# Carpet vs Hard surface



## jstefano (Jan 2, 2008)

Any opinions on the difference between a down firing SW on a carpeted floor vs a wood floor.


----------



## Anthony (Oct 5, 2006)

Moved to General Discussion.

As for your question -- I've noticed down firing subs can sound a slight bit muddier when firing into carpet. However, the carpet does prevent modal resonances and ringing, so the overall sound is usually better. Hard floors can be very echo'y.

I prefer hard surface rooms with rugs and furniture and a front firing sub. However, I just installed a system for a guy with an SVS down firing sub (ported top) on carpet and his system sounded fantastic.

So don't fret too much over it. Good luck.


----------



## salvasol (Oct 31, 2006)

jstefano said:


> Any opinions on the difference between a down firing SW on a carpeted floor vs a wood floor.
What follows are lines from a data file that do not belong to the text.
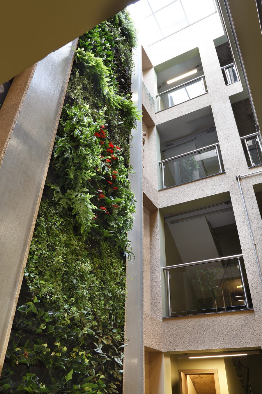 Jardim vertical de 15 m de altura que fiz para a sede de uma empresa em SP – Biofilia em ambientes comerciais.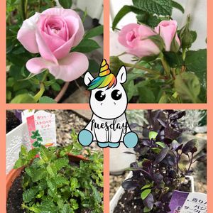 おはようございます😃 新しい時代 令和 始まりました! 令和の時代は、穏やかな時代になりますように祈ります(*^^*) これからもよろしくお願います。 お花は、 ミニバラ・ピンクジュエルさんと、 香りハーブ 左 ストロベリーミント🍓 右 バジル ダークレディ です。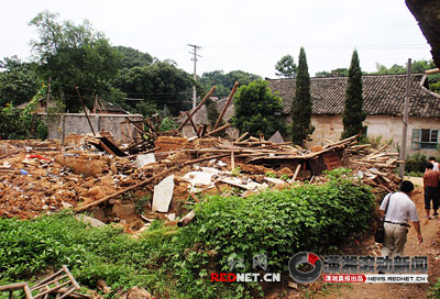 湘潭县石潭镇被洪水完全冲垮的一栋房屋。李志宏摄
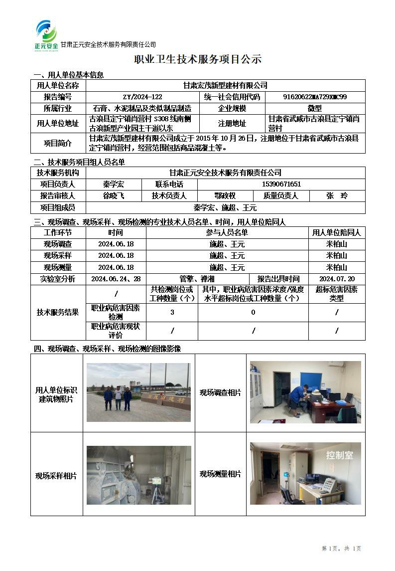 甘肃宏茂新型建材有限公司职业病危害因素检测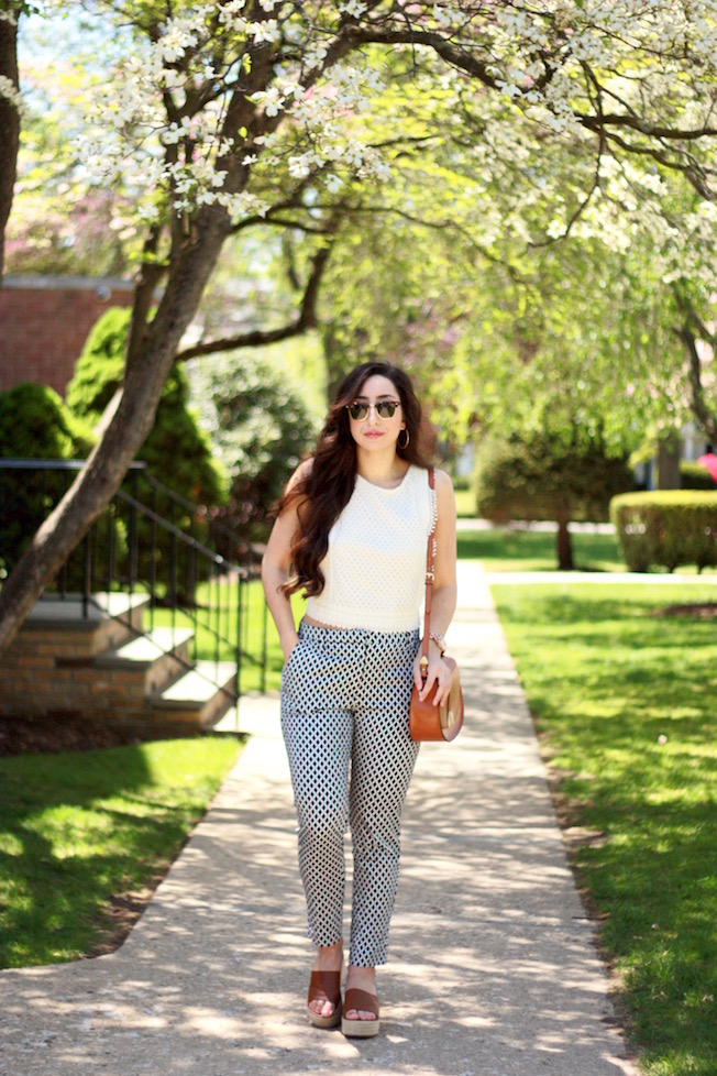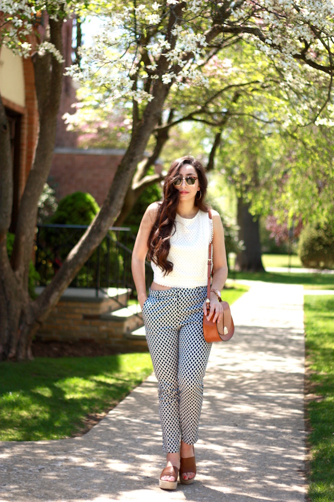 Top: H&M | Pants: H&M | Sandles: Forever 21 | Bag: Zara (similar here) | Sunglasses: Ray-Ban | Watch: Marc by Marc Jacobs

I remember reading a post that a downfiring sub will work good with a floating hardwood floor because it will transfer the vibrations better than carpet or concrete floors :yes:

I have laminate floors ... but SW is front firing; I can comment for sure on a downfiring in about a week ...after I finish my DIY Sonosub I'm building :bigsmile:

Which SW are you planning to use???


----------



## tommyboy1587 (Dec 20, 2008)

My Klipsch Sub 12 is down firing. I have hard wood floors, but it's on an area rug. I placed a piece of wood, cut to size under it, and I did notice a little bit more "punch" from it. Seeing as I have a hard wood floor right under it, it only made a mild difference. But if you have a carpeted room, try the wood technique. If you have the money for it, use marble or granite; it looks a lot better than a piece of wood


----------